The review, presented by Caleb Reisinger, the county’s real estate manager, showed “in total, the county is over 400 parcels,” with most small rights-of-way but several larger parcels suited to conservation or recreation, Reisinger said. He identified major holdings including a roughly 640-acre Veterans Park, a 259-acre Moccasin Slough parcel, a 251-acre regional sports complex, a 158-acre Outdoor Adventure Park and a roughly 487-acre Black Creek Park and Trail system.
The inventory matters because the county’s recently approved bond program directs officials to acquire and manage lands that protect water quality, conserve wildlife habitat and provide outdoor recreation. Committee members and staff said the map establishes what the county already owns and where management attention or new partnerships might be focused.
Reisinger said the county will seek outside partners for management work. “We’re working on getting a land conservation RFP out there where we would have a management program in place,” he said. He noted the RFP could include specialized elements such as a gopher tortoise management area or wetland mitigation areas.
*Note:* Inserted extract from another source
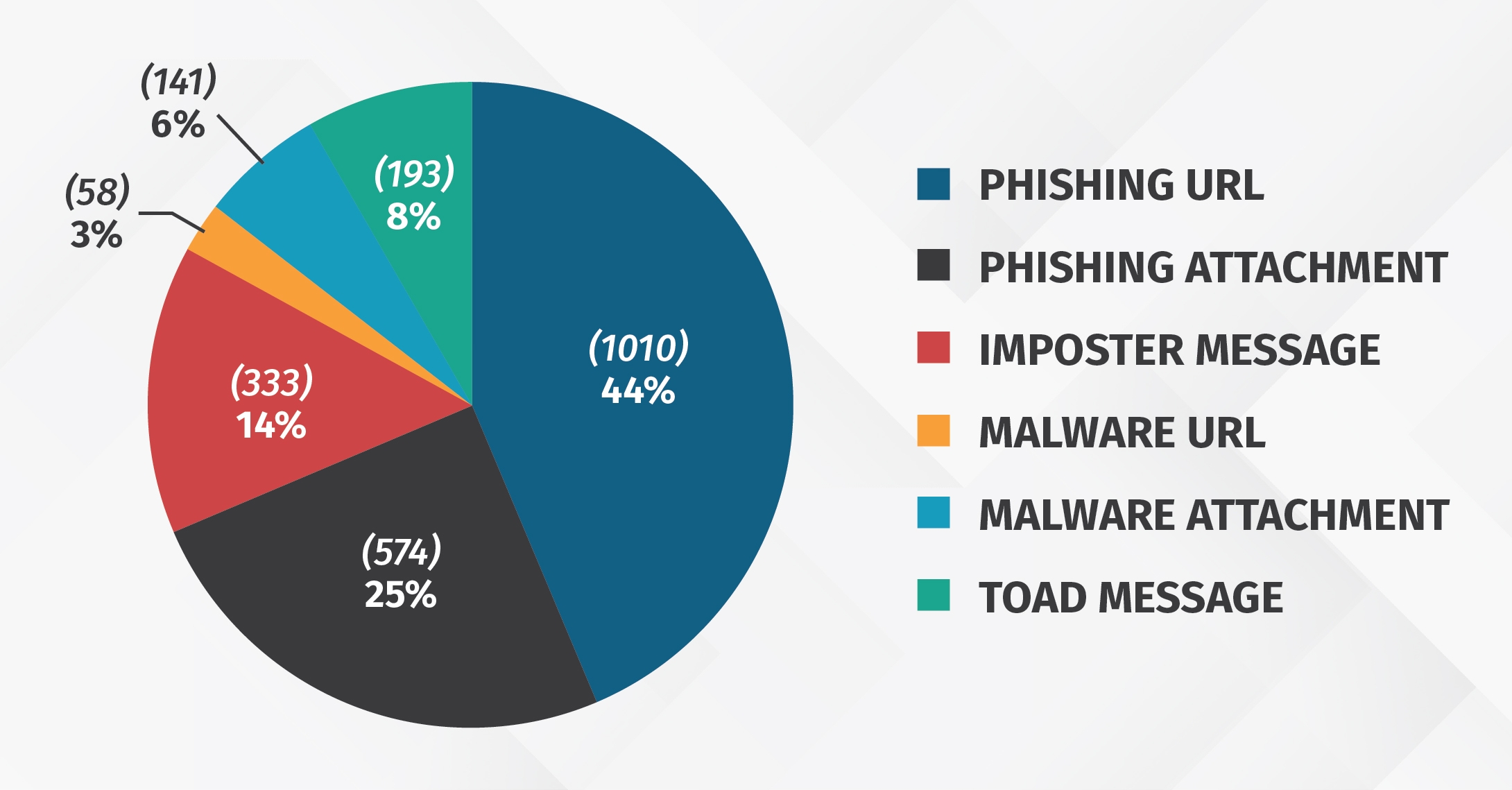 - 8% are Telephone Oriented Attack Delivery (TOAD) attacks. This is a new category that Proofpoint added in 2023 due to the increase of these type of phishing attacks. The goal is to get the victim to call a phone number.

County staff described how the holdings came into public ownership in different ways: some were purchased with county funds, some were acquired with state grant support and others were donated or conveyed with use stipulations. A staff member who oversees local parks said two properties — Camp Chowanwa Park and Moccasin Slough — were purchased with Florida Forever funds and have management plans. “Those were both purchased with the Florida Forever funds,” the staff member said, and added the county has joined the North Florida Land Trust and the St. Johns River Water Management District on at least one purchase.
Staff also noted a mix of ownership arrangements across parcels: some lands are owned outright by the county, others are subject to memoranda of understanding with land trusts or state districts, and some parcels include development or use restrictions tied to the original conveyance. At least one parcel, Veterans Park, carries Department of Defense restrictions that limit active development because of access constraints, staff said.
Committee members asked whether properties should be ruled out of consideration because the county lacks capacity to develop them into highly manicured parks. Reisinger answered that nothing was being removed from consideration and that budget constraints would determine what could be funded in any given year: “I wouldn’t say take anything off the table,” he said.
Clarifying details provided during the presentation list acreage and general use for the largest parcels: Veterans Park (about 640 acres), Moccasin Slough (about 259 acres), Outdoor Adventure Park (about 158 acres), regional sports complex (about 251 acres), Black Creek Park and Trail (about 487 acres), Sleepy Hollow parcels (about 83 acres combined), Ronnie Van Sant Park (about 90 acres), Rosemary Hill Landfill (about 226 acres), Twin Lakes Park and an adjacent borrow pit (about 113 acres combined) and Boyd Park (about 25 acres).
Staff said an interactive map and a set of GIS layers — including soils, flood zones, historical resources and habitat indicators — will be made available to committee members and the public. They also said that management plans will be developed or reviewed as part of the forthcoming procurement process, and that the RFP and consultant work will be the mechanism to ramp up active management where needed.
Committee members and staff identified next steps: staff will finalize the RFP and expand outreach, create the interactive map with data layers, and bring sample parcels to the committee for a mock acquisition and prioritization exercise at an upcoming meeting. That exercise will include staff reports and site visits for properties that remain in the nomination pool.